3°) de mettre à la charge de l’Etat la somme de 3 000 euros au titre de l’article L. 761-1 du code de justice administrative, ainsi que les entiers dépens.
Il soutient que :
— l’administration ne rapporte pas la preuve que l’action en recouvrement n’était pas prescrite à défaut d’établir qu’elle a régulièrement notifié des actes interruptifs de prescription ;
— la saisie à tiers détenteur du 10 août 2021 méconnaît les dispositions de l’article L. 212-1 du code des relations entre le public et l’administration et n’est donc pas valide dans la mesure où, d’une part, la qualité de l’agent signataire et, d’autre part, l’existence d’une délégation de signature ne sont pas précisées ;
— cette saisie à tiers détenteur méconnaît également les dispositions de l’article L. 111- 2 du code des relations entre le public et l’administration à défaut de mentionner le nom de l’agent chargé d’instruire sa demande.
Par un mémoire en défense, enregistré le 10 mai 2022, le directeur départemental des finances publiques du Var conclut au rejet de la requête.
Il fait valoir que :
— la contestation en la forme de la saisie à tiers détenteur relève du juge de l’exécution ;
— le moyen tiré de la prescription de l’action en recouvrement des créances concernées est irrecevable en application du c) de l’article R. 281-3-1 du livre des procédures fiscales dès lors que la saisie à tiers détenteur du 10 août 2021 ne constituait pas le premier acte de poursuite permettant d’invoquer un tel motif ;
— en tout état de cause, le cours de la prescription de l’action en recouvrement concernant les créances en cause a été interrompu par des actes de poursuites régulièrement notifiés.
Vu les autres pièces du dossier.
Vu :
— le code général des impôts et le livre des procédures fiscales ;
— le code de justice administrative.
Les parties ont été régulièrement averties du jour de l’audience.

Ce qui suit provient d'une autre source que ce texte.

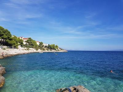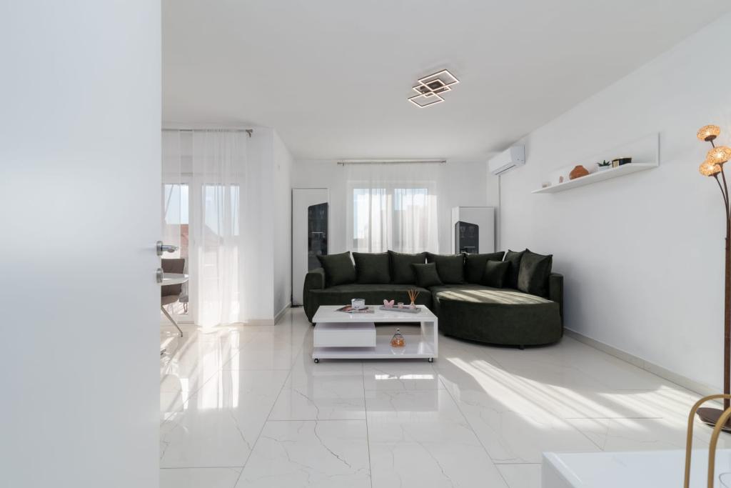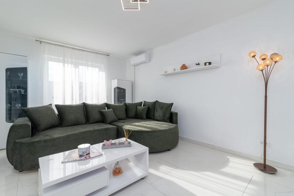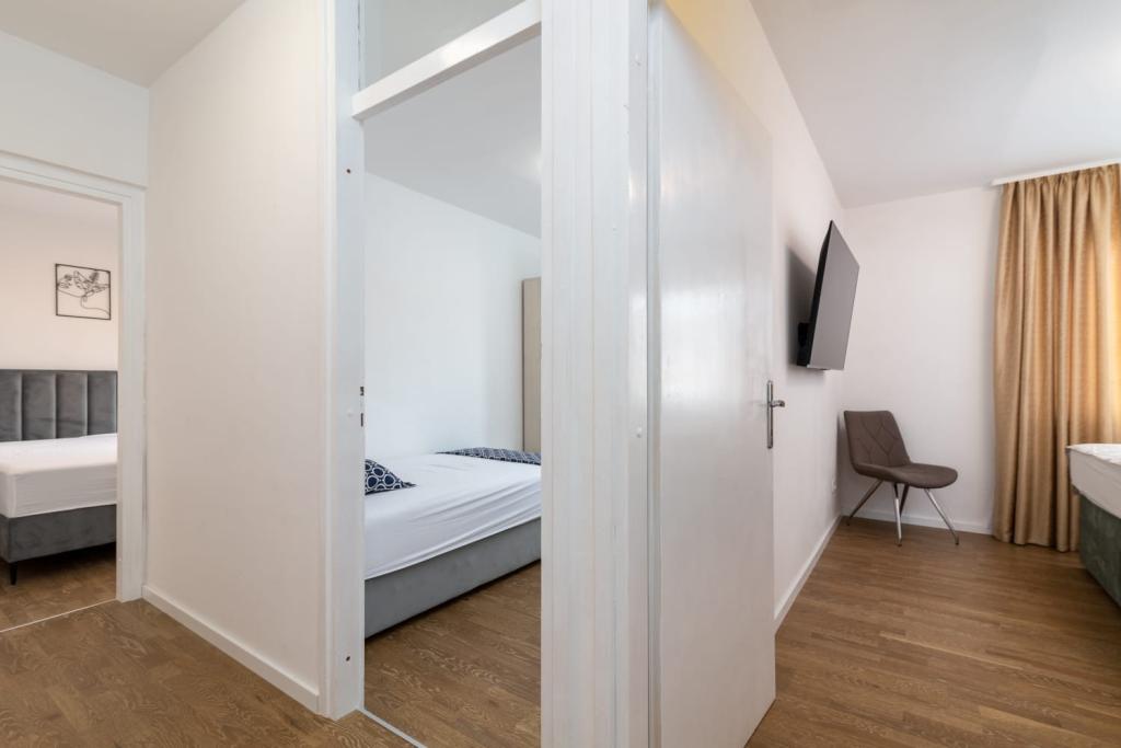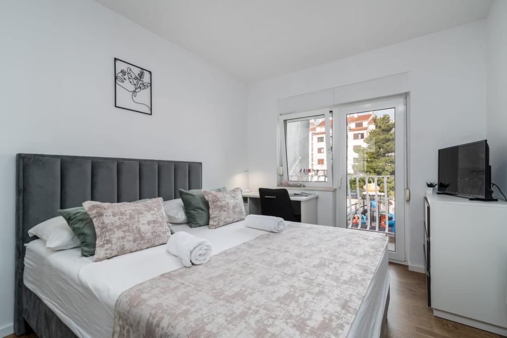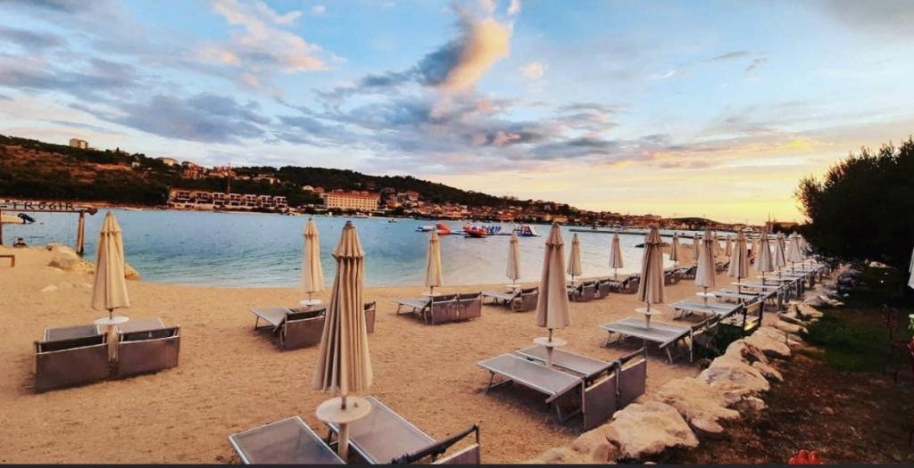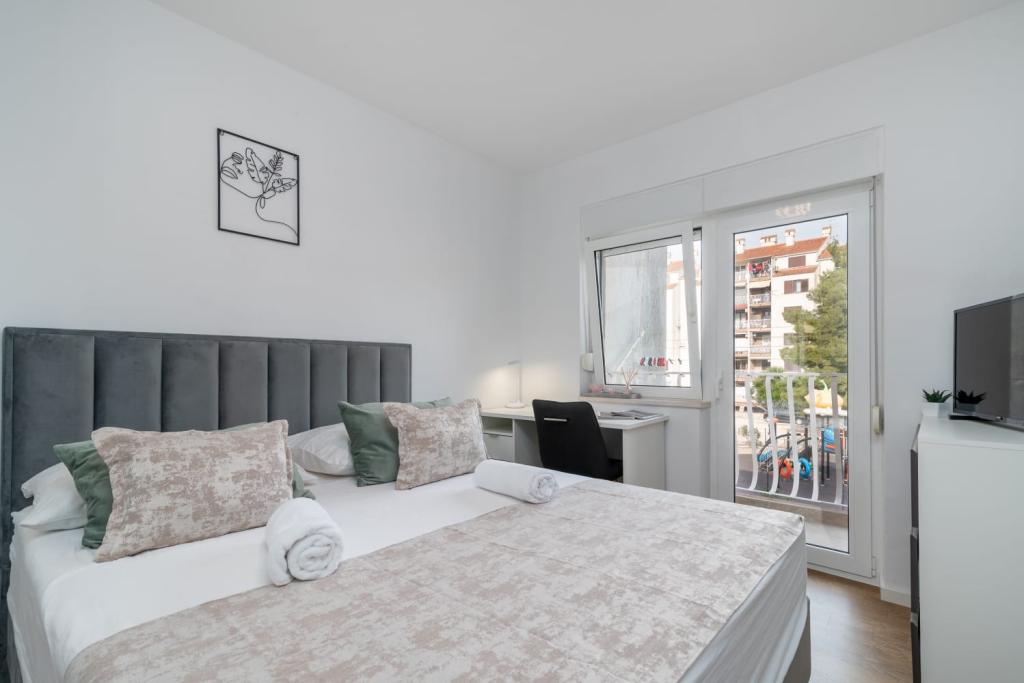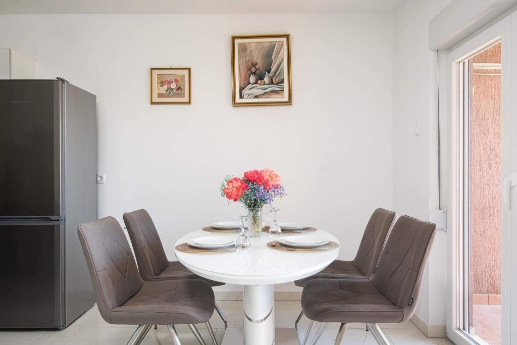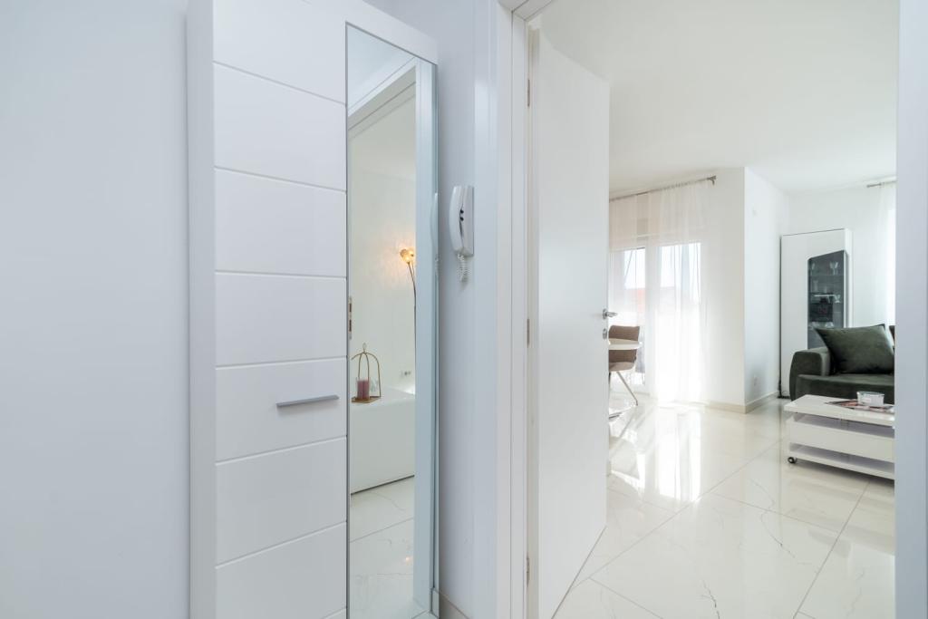 Uživajte u kompletno moderno opremljenom apartmanu, samo 10 minuta hoda od starog grada Trogira. Smješten je u mirnom dijelu grada. Apartman može primiti do 7 osoba. Nalazi se na drugom katu. Sastoji se od 3 spavaće sobe, kupaonice, wc-a, dnevnog boravka, potpuno opremljene kuhinje, dnevnog boravka, te dva balkona. Svaka soba ima televiziju s mogućnošću gledanja Netflix. Posteljina i ručnici su dostupni u apartmanu. Parking je omogućen u garaži centra Marisa koji se nalazi pored apartmana, bez dodatnih plaćanja. Plaže su udaljene 1.3 km od apartmana. Zračna luka Split udaljena je 4.5 km od apartmana. Apartman je opremljen pametnom bravom.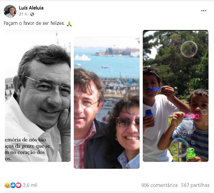 Cerca de doze horas antes de ser conhecida a notícia da sua morte, Luís Aleluia fez uma publicação nas redes sociais. Nela, destacou fotografias ao lado da mulher e dos dois filhos, onde escreveu a frase emblemática de Raul Solnado: “Façam o favor de ser felizes”.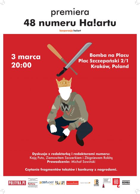 Korporacja Ha!art serdecznie zaprasza na premier 48 numeru "Ha!artu" - "Kelet. Fantomy Europy rodkowo-Wschodniej", ktra odbdzie si o godzinie 20:00 w Bombie na Placu (pl. Szczepaski 2/1, Krakw).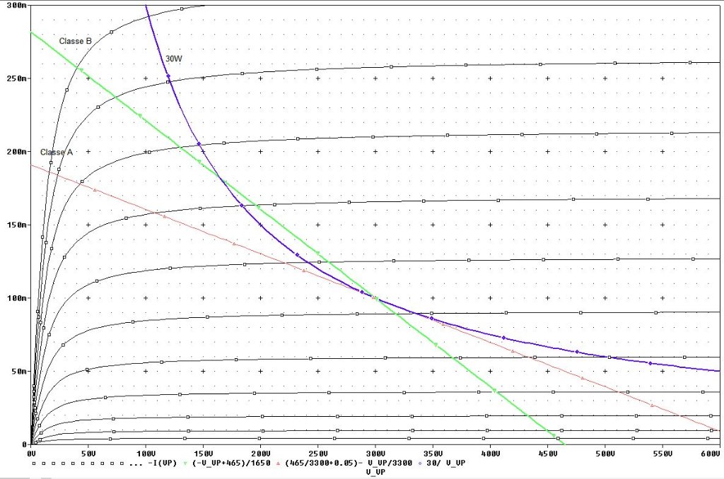 Donc au final le problème est de trouver un moyen de faire tourner cet étage de puissance avec 6600Ω, 465V et 30W de dissipation max sur la plaque. Donc avec un bias de 50mA on longe les 30W limites de plaque mais pour l'OT on est bon, enfin je crois.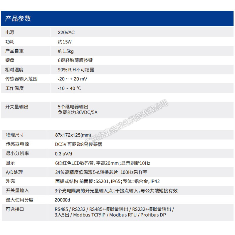The instrument is a device that uses a 32-bit high-speed microcontroller platform, a high-precision 24 bit analog-to-digital converter, and reliable plug-in wiring terminals for electrical connections. It is particularly suitable for high-precision weight collection in various industrial environments. Real time fieldbus communication with devices such as PC, PLC, DCS, etc. can be achieved. Widely used in metallurgy, chemical industry, building materials, coatings, grain and feed industries.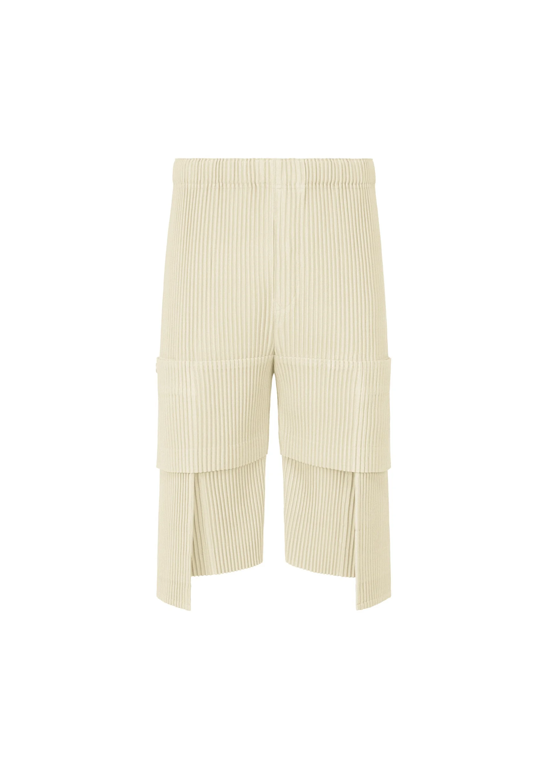 These shorts are characterized by their unique silhouette inspired by the way a pocket expands when a stone is placed inside. When items are placed in the pockets, the pleats expand, which changes the silhouette. The shorts have pockets on both sides and a draw cord at the waist. They have a button-fly design. Product Information Material: 100% polyester Made in the Philippines Waist specifications:Elastic / Drawcord Front opening specification:Button fly Pocket (position):Both sides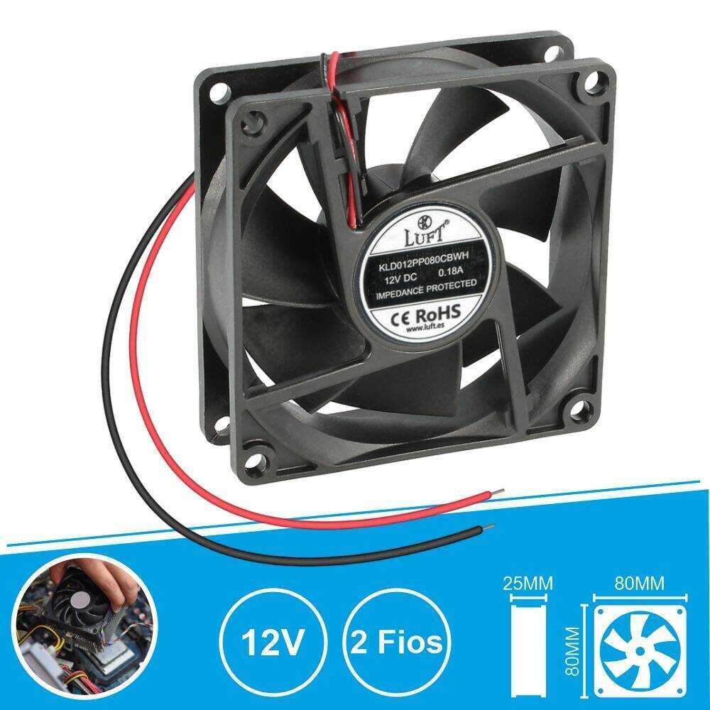 Ventilador 12V 80x80x25mm 2 Fios KLD012PP080CBWH LUFT
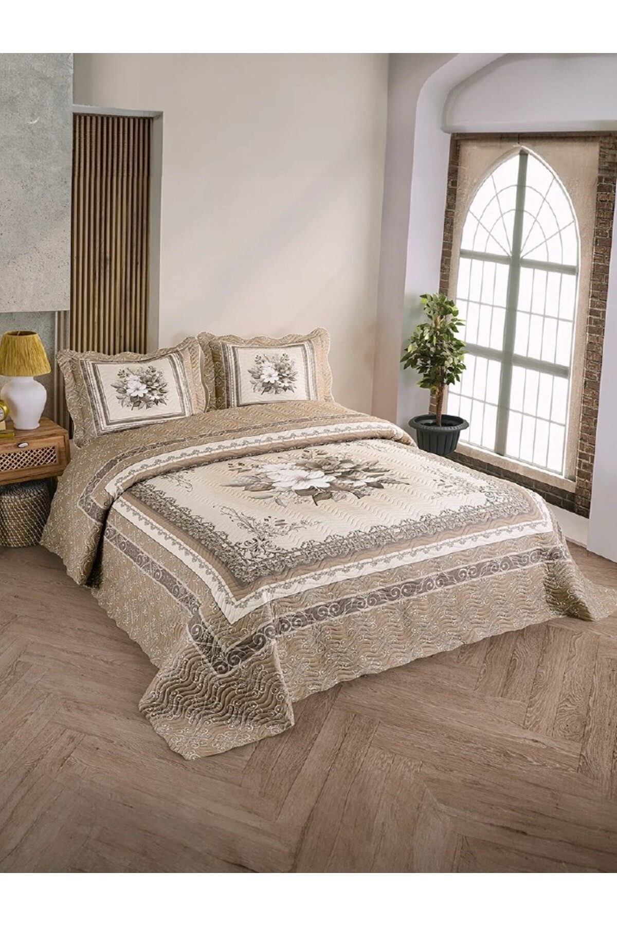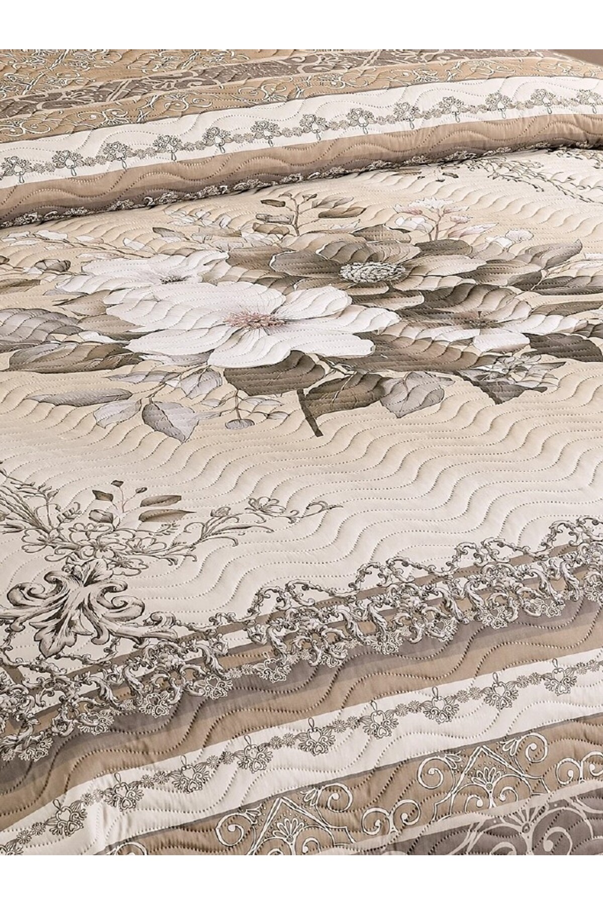 Çeyiz Diyarı Limena Dantelli Kapitoneli Ultrasonik Çift Kişilik Yatak Örtüsü Açık Cappucino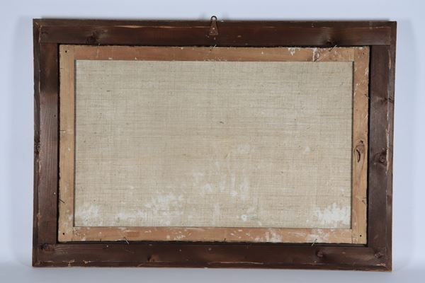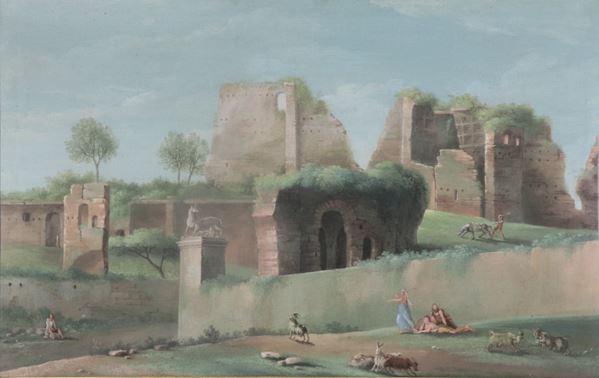 "View of Roman ruins with shepherds and farmers", bright tempera painting on paper applied to canvas in a gilded wooden frame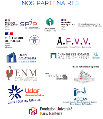 - la Préfecture de Police, de l’Administration pénitentiaire, des délégués du Procureur, de l’Ecole Nationale de la Magistrature, de l’Ecole Nationale des Greffes, de la Chambre des notaires, du Barreau des Hauts-de-Seine, de Médiation en Seine.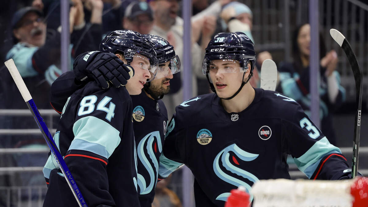 SEATTLE, WASHINGTON - MARCH 27: Matty Beniers #10 of the Seattle Kraken celebrates his goal with Kaapo Kakko #84 and Jani Nyman #38 during the second period against the Edmonton Oilers at Climate Pledge Arena on March 27, 2025 in Seattle, Washington. (Photo by Ryan Sirius Sun/Getty Images)Photo: Ryan Sirius Sun / Getty Images Sport / Getty Images

Ont été entendus au cours de l’audience publique :
— le rapport de M. Martin,
— et les conclusions de Mme Duran-Gottschalk, rapporteure publique.
Considérant ce qui suit :
1. Le pôle de recouvrement spécialisé du Var a notifié le 10 août 2021 une saisie administrative à tiers détenteur à la société Diana Food et au requérant portant sur des créances fiscales non acquittées relatives à des cotisations d’impôt sur le revenu au titre des années 2005, 2008 et 2009, de contributions sociales au titres années 2008 et 2009, de taxe d’habitation et de contribution audiovisuelle au titre des années 2013 et 2014 ainsi que de taxe foncière au titre de l’année 2014. Par un courrier du 8 octobre 2021, M. B a sollicité la décharge de son obligation de payer les sommes précitées. Cette demande a fait l’objet d’une décision de rejet en date du 4 novembre 2021. Par sa requête, M. B demande au tribunal, d’une part, d’annuler la décision du 4 novembre 2021 ayant rejeté son opposition à poursuite et, d’autre part, de le décharger de l’obligation de payer les sommes ainsi mises à sa charge en matière d’impôt sur le revenu, de contributions sociales, de taxe d’habitation, de contribution audiovisuelle et de )taxe foncière, pour un montant total de 298 069,25 euros.
Sur la régularité en la forme de la saisie administrative à tiers détenteur :
2. Aux termes de l’article L. 281 du livre des procédures fiscales : " Les contestations relatives au recouvrement des impôts, taxes, redevances, amendes, condamnations pécuniaires et sommes quelconques dont la perception incombe aux comptables publics doivent être adressées à l’administration dont dépend le comptable qui exerce les poursuites. / () Les contestations relatives au recouvrement ne peuvent pas remettre en cause le bien-fondé de la créance. Elles peuvent porter : / 1° Sur la régularité en la forme de l’acte ; / 2° A l’exclusion des amendes et condamnations pécuniaires, sur l’obligation au paiement, sur le montant de la dette compte tenu des paiements effectués et sur l’exigibilité de la somme réclamée. / Les recours contre les décisions prises par l’administration sur ces contestations sont portés dans le cas prévu au 1° devant le juge de l’exécution. Dans les cas prévus au 2°, ils sont portés : / a) Pour les créances fiscales, devant le juge de l’impôt prévu à l’article L. 199 ; () ".
3. Les moyens soulevés par M. B selon lesquels la saisie administrative à tiers détenteur en litige ne mentionne pas la qualité de l’agent signataire, son service d’appartenance, ou encore l’existence d’une délégation de signature portent sur la régularité en la forme de cet acte. Or, en application des dispositions précitées au point 2, seul le juge de l’exécution est compétent pour connaître de ces contestations, lesquelles ne peuvent donc être utilement invoquées dans le cadre de la présente instance.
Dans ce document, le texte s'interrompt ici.